• Exercise: Would you reproduce, word for word, only the lines running from the top of the data through the line containing "As the 2025–2026", and none of the pictures?

□ □ □ □

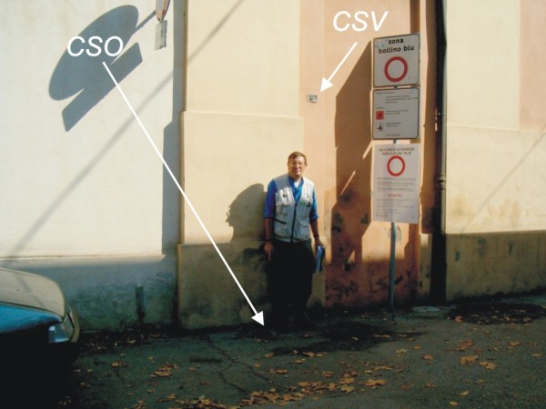 [{"simbolo_contrassegno":"P5","materializzazione":"(CSO) Pozzetto di IV\u00b0 Cat. interrato e rialzato con tubo di PVC e coperchio di ghisa, alla base del muro di fiancata sul Viale Livio Salinatore, in corrispondenza della lesena da cui inizia il muro di cinta (ARPA N\u00b0 110140)."},{"simbolo_contrassegno":"V4","materializzazione":"(CSV) Piastrina del Comune di Forl\u00ec, con cilindretto sporgente e linea di fede infissa sulla sporgenza, in corrispondenza del CSO. Presubilmente rimossa e ricollocata pi\u00f9 in alto."}]
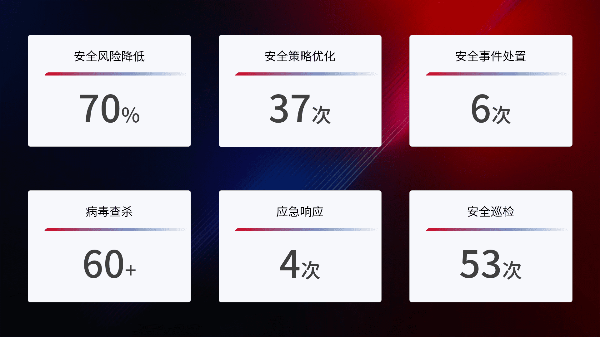 提供全面的安全事件报告体系,,包括处置报告、、、、周报、、、、季度和年度总结,,,结合持续监控,,帮助客户深入了解网络安全状况。。。
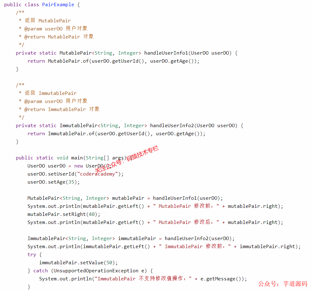Pair 类有两个重要的子类:ImmutablePair 和 MutablePair,下面我们来详细了解一下这两个子类。
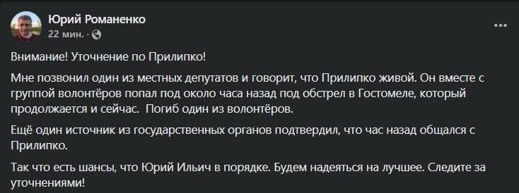 22:40 Журналист Андрей Цаплиенко сообщает, что в Гостомель вновь зашел противник - российские десантники из 31-й десантно-штурмовой бригады (Ульяновск).
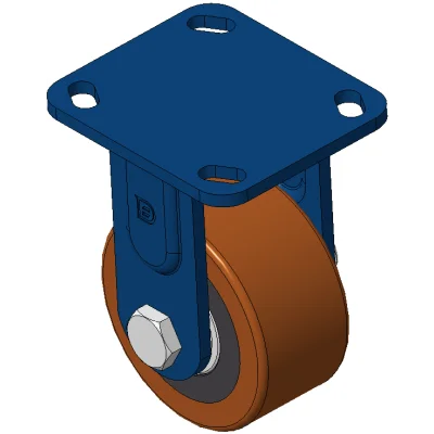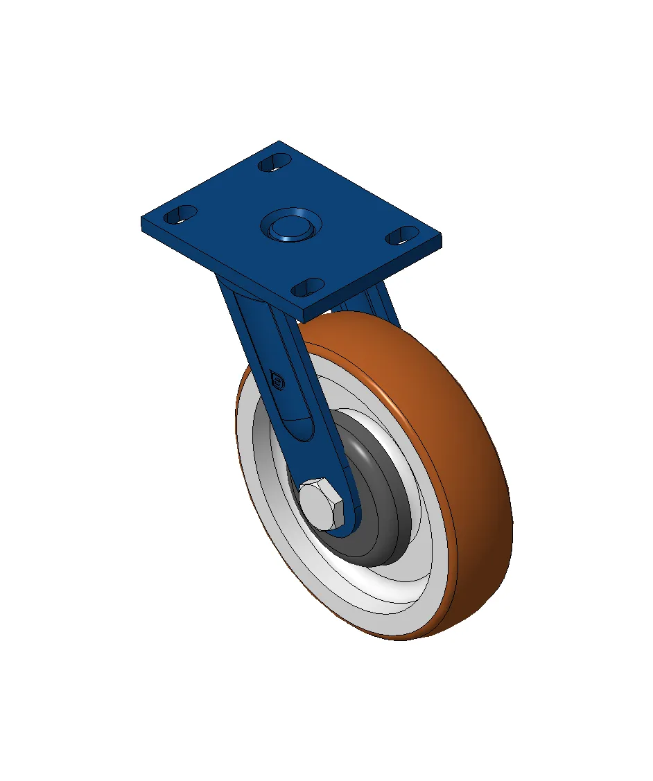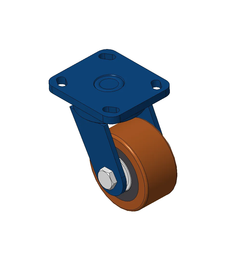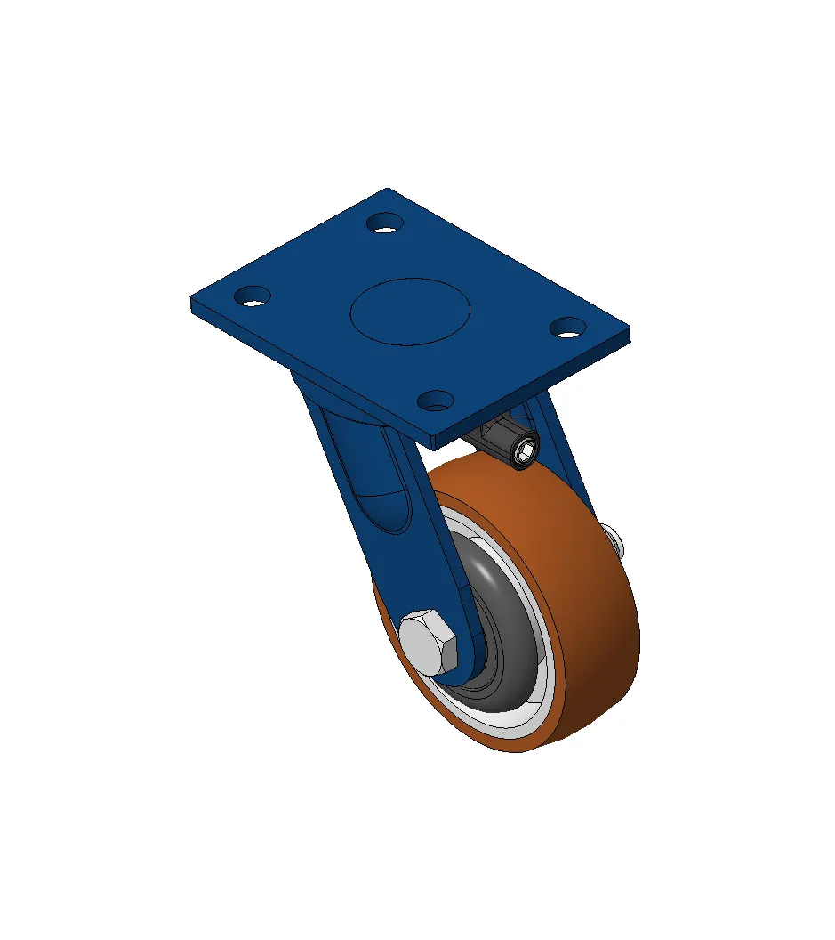 Swivel Caster with Welded Caster Fork and blue paint finish. Mounting Type - Top Plate, 110x75 Bolt Hole Spacing. Cast Iron Wheel Center with High Quality Polyurethane tread, Cast Iron brown. Bearing—Ball Bearing.
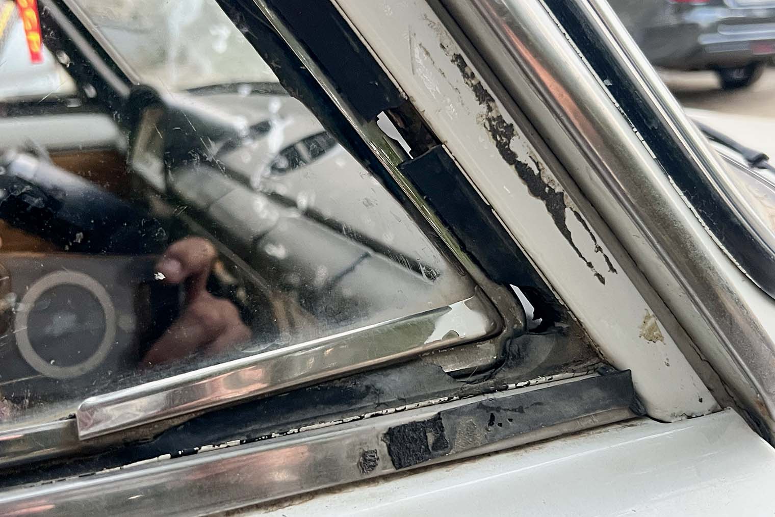Демонтировали салон. Сняли руль, панель приборов, торпедо, новодельную «бороду» с автомагнитолой. Изнанка машины оказалась лучше, чем я ожидал. Я боялся, что под торпедо меня ждет гнилая рамка лобового стекла, но все было целым. Только справа в районе стойки нашелся очаг коррозии, который я не смог удалить, — обработал его преобразователем ржавчины с цинком.
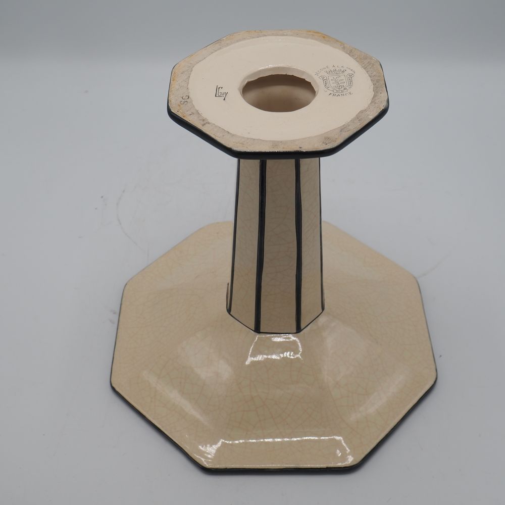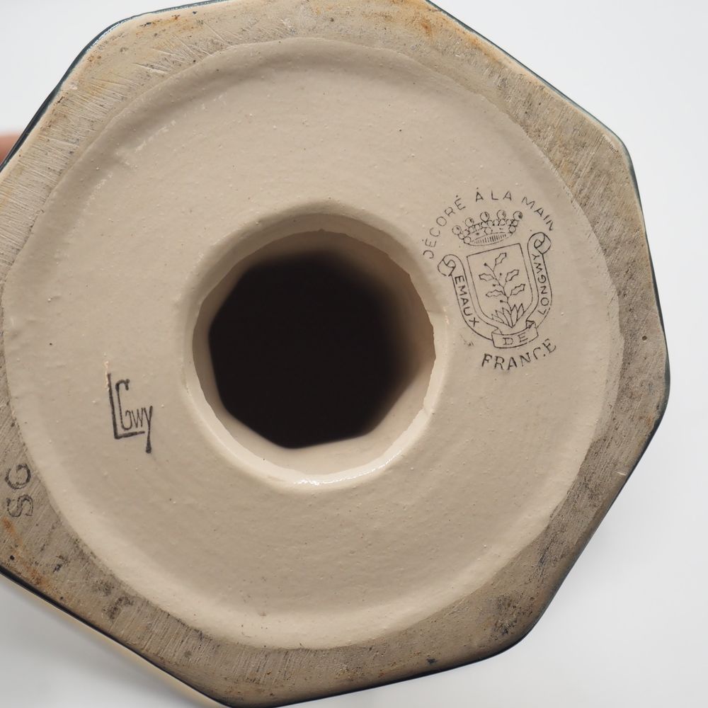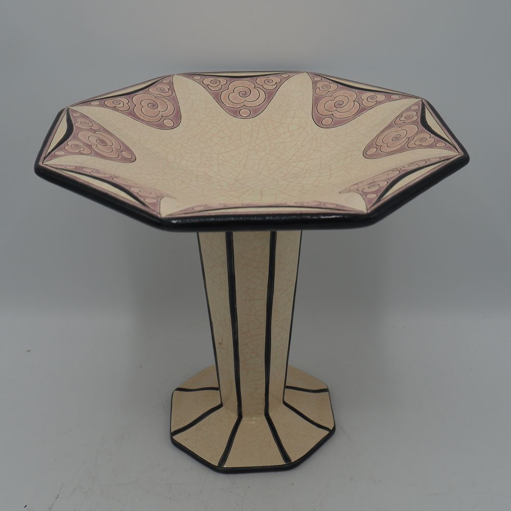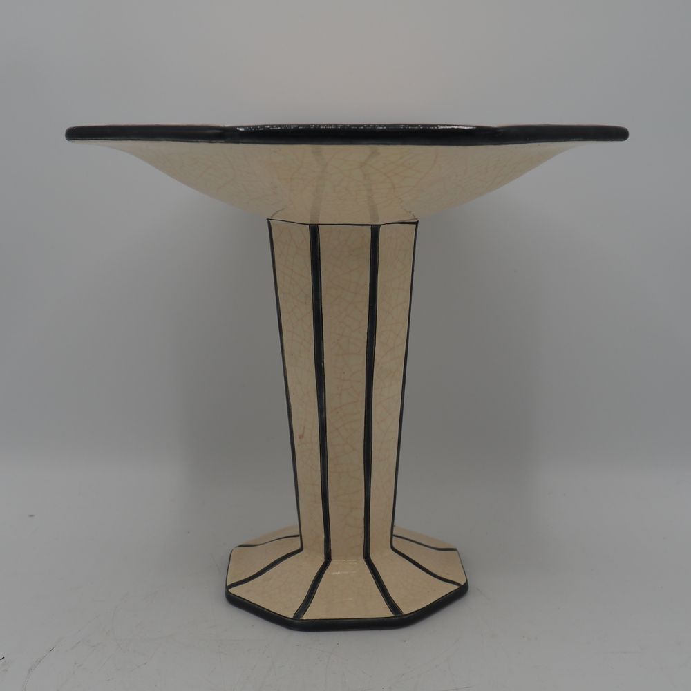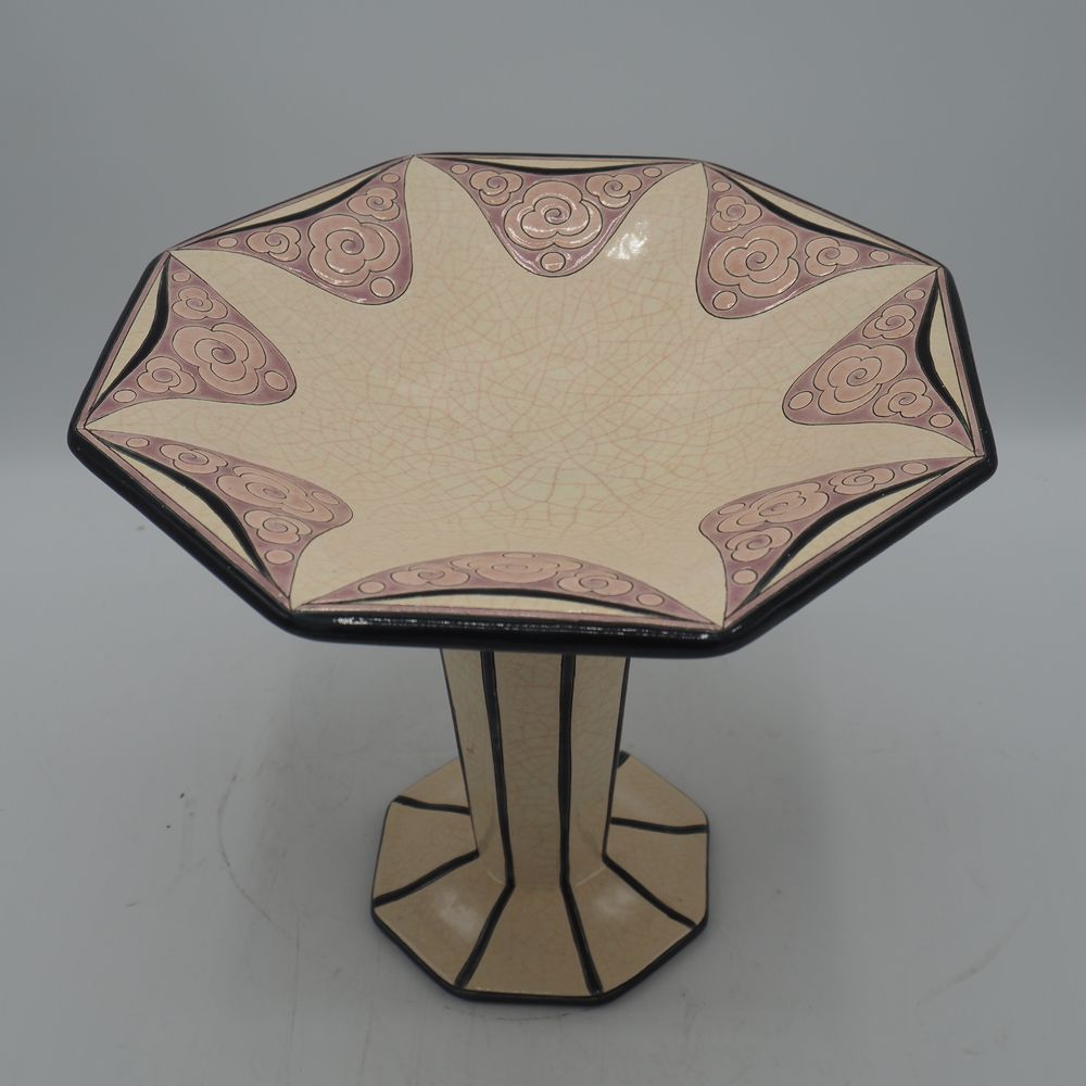 Emaux de Longwy : Coupe sur pied Art-Déco, faience émaillée craquellée décor stylisé, coupe, jambe et pied à sections octogonales, cachet sous la base, H: 23, L: 24,7, P: 24,5 cm
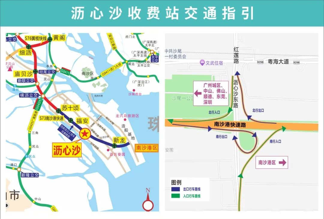 沥心沙站往返南沙港方向双向匝道开通后,经沥心沙往返南沙港区的车辆通行时间可缩短10分钟,四类及以上货车可免费通行!
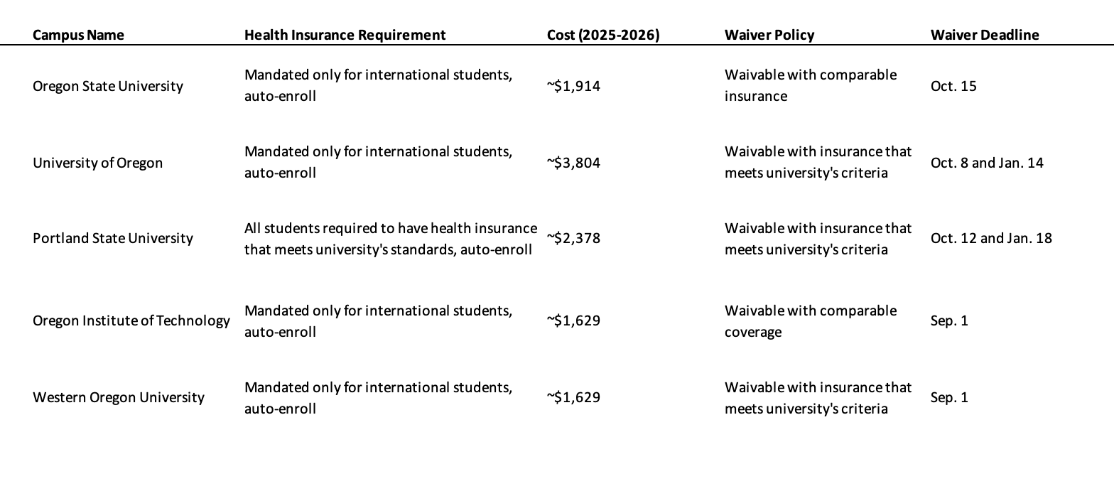 As the 2025–2026 academic year begins, Oregon universities are tightening health insurance requirements, and the rules look very different depending on whether students attend a public or private school.
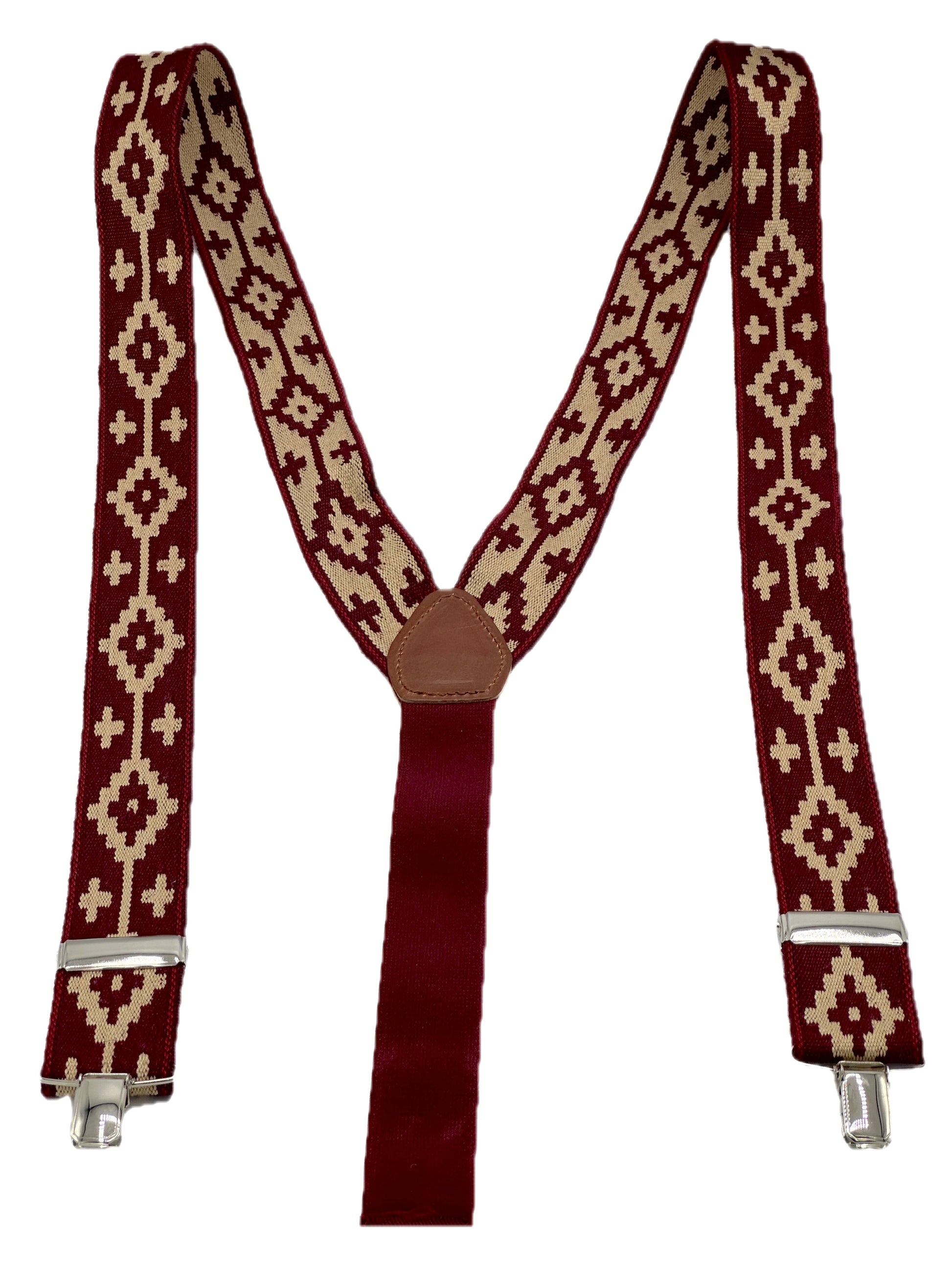 Tirantes con cinta no elástica guarda pampa, 100% algodón. Detalles en piel natural con elástico burdeos.

□ □ □ □

• Response area:
 [{"simbolo_contrassegno":"P5","materializzazione":"(CSO) Pozzetto di IV\u00b0 Cat. interrato e rialzato con tubo di PVC e coperchio di ghisa, alla base del muro di fiancata sul Viale Livio Salinatore, in corrispondenza della lesena da cui inizia il muro di cinta (ARPA N\u00b0 110140)."},{"simbolo_contrassegno":"V4","materializzazione":"(CSV) Piastrina del Comune di Forl\u00ec, con cilindretto sporgente e linea di fede infissa sulla sporgenza, in corrispondenza del CSO. Presubilmente rimossa e ricollocata pi\u00f9 in alto."}]
 提供全面的安全事件报告体系,,包括处置报告、、、、周报、、、、季度和年度总结,,,结合持续监控,,帮助客户深入了解网络安全状况。。。
Pair 类有两个重要的子类:ImmutablePair 和 MutablePair,下面我们来详细了解一下这两个子类。
 22:40 Журналист Андрей Цаплиенко сообщает, что в Гостомель вновь зашел противник - российские десантники из 31-й десантно-штурмовой бригады (Ульяновск).
 Swivel Caster with Welded Caster Fork and blue paint finish. Mounting Type - Top Plate, 110x75 Bolt Hole Spacing. Cast Iron Wheel Center with High Quality Polyurethane tread, Cast Iron brown. Bearing—Ball Bearing.
Демонтировали салон. Сняли руль, панель приборов, торпедо, новодельную «бороду» с автомагнитолой. Изнанка машины оказалась лучше, чем я ожидал. Я боялся, что под торпедо меня ждет гнилая рамка лобового стекла, но все было целым. Только справа в районе стойки нашелся очаг коррозии, который я не смог удалить, — обработал его преобразователем ржавчины с цинком.
 Emaux de Longwy : Coupe sur pied Art-Déco, faience émaillée craquellée décor stylisé, coupe, jambe et pied à sections octogonales, cachet sous la base, H: 23, L: 24,7, P: 24,5 cm
 沥心沙站往返南沙港方向双向匝道开通后,经沥心沙往返南沙港区的车辆通行时间可缩短10分钟,四类及以上货车可免费通行!
 As the 2025–2026 academic year begins, Oregon universities are tightening health insurance requirements, and the rules look very different depending on whether students attend a public or private school.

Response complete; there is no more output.